Wednesday, November 14, 2007

The Next Journey

Some of you know I am planning to move to New Zealand. I've always wanted to live overseas. I'm young, single and have nothing tying me down. When I was in NZ almost 3 years ago, I fell in love with the beauty and the culture. I began the application process. Given that governments were involved, it took far longer than I ever expected. I was finally issued my residency visa in April. You have a year to establish residency so I have to be there by next April.

My goal is to have a job before going. Sure, I can afford to live for awhile without a job and if it comes down to that, I will do so. However, it'd be nice to know where my next paycheck is going to come from. Ah, if only I were independently wealthy.
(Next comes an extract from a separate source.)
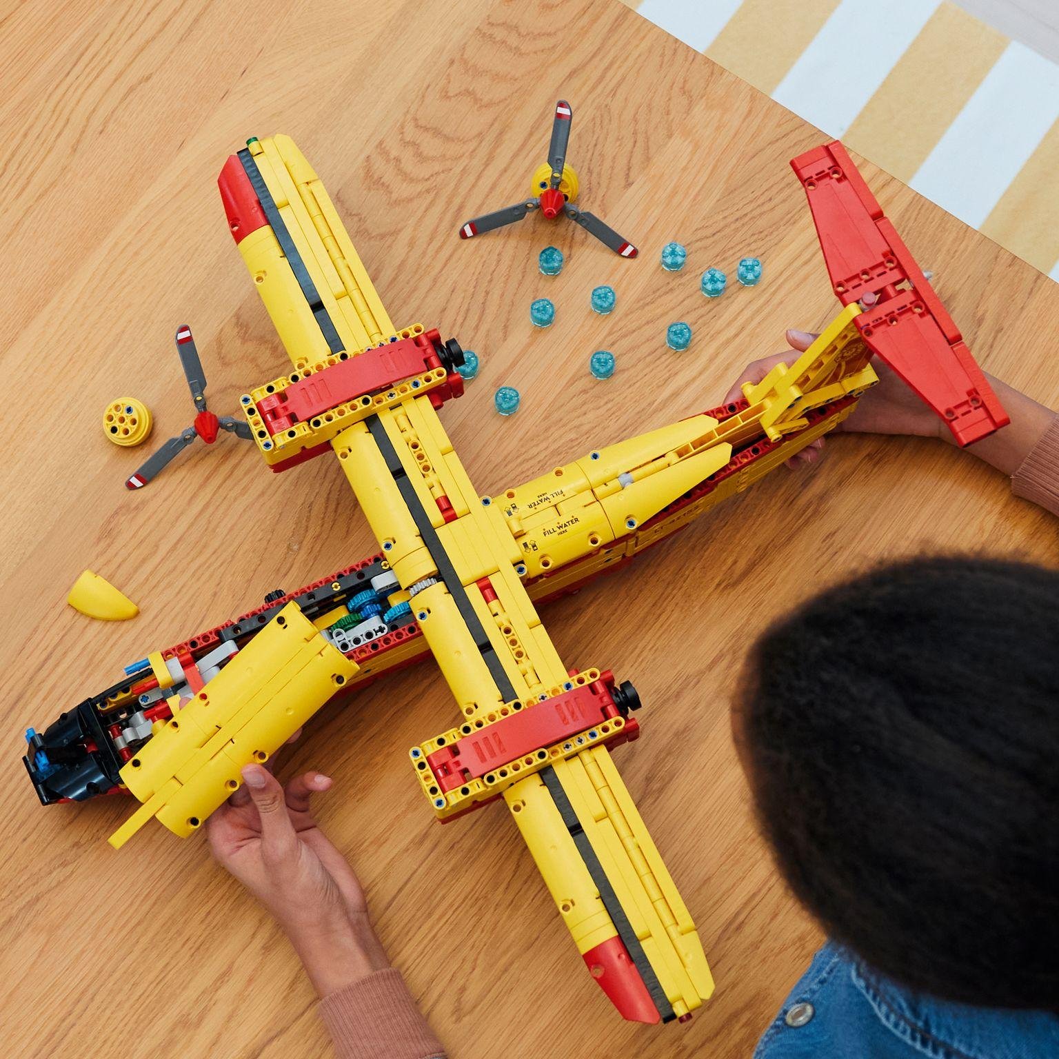 Regala a tu peque de 10 años o más un fantástico desafío de construcción: el set LEGO® Technic Avión de Bomberos (42152). Este juguete viene repleto de características inspiradas en los aviones de bomberos reales para que pueda ver cómo se complementan todas sus funciones durante las operaciones de extinción. Un desafío para compartir El proyecto os ofrece a tu joven constructor y a ti la oportunidad de disfrutarlo juntos. Le espera mucho por descubrir a la vez que hace girar las hélices, retrae y despliega el tren de aterrizaje y observa cómo se mueven los alerones de cola. También le encantará abrir la compuerta para descargar los elementos LEGO que representan agua mientras aprende cómo sofocan los incendios los aviones anfibios de verdad. Una creativa iniciación al mundo de la ingeniería Los modelos LEGO Technic reproducen movimientos y mecanismos realistas que permiten a los constructores y las constructoras explorar el universo de la ingeniería de un modo accesible y práctico.

To that end (the job end, not the independently wealthy end), I've been slowly working on pulling my CV together and putting it in an appropriate format. My Kiwi buddy D who currently lives in Sydney has been reviewing and providing guidance. As of yesterday, it is in the final format.

What does that mean? It's time to start shopping my CV around NZ to see if I can get any hits. I'm hoping for Christchurch, though for what I do Auckland or Wellington would be easier bets. Naturally, one would assume I'd be all over this. Instead, I find myself hesitating.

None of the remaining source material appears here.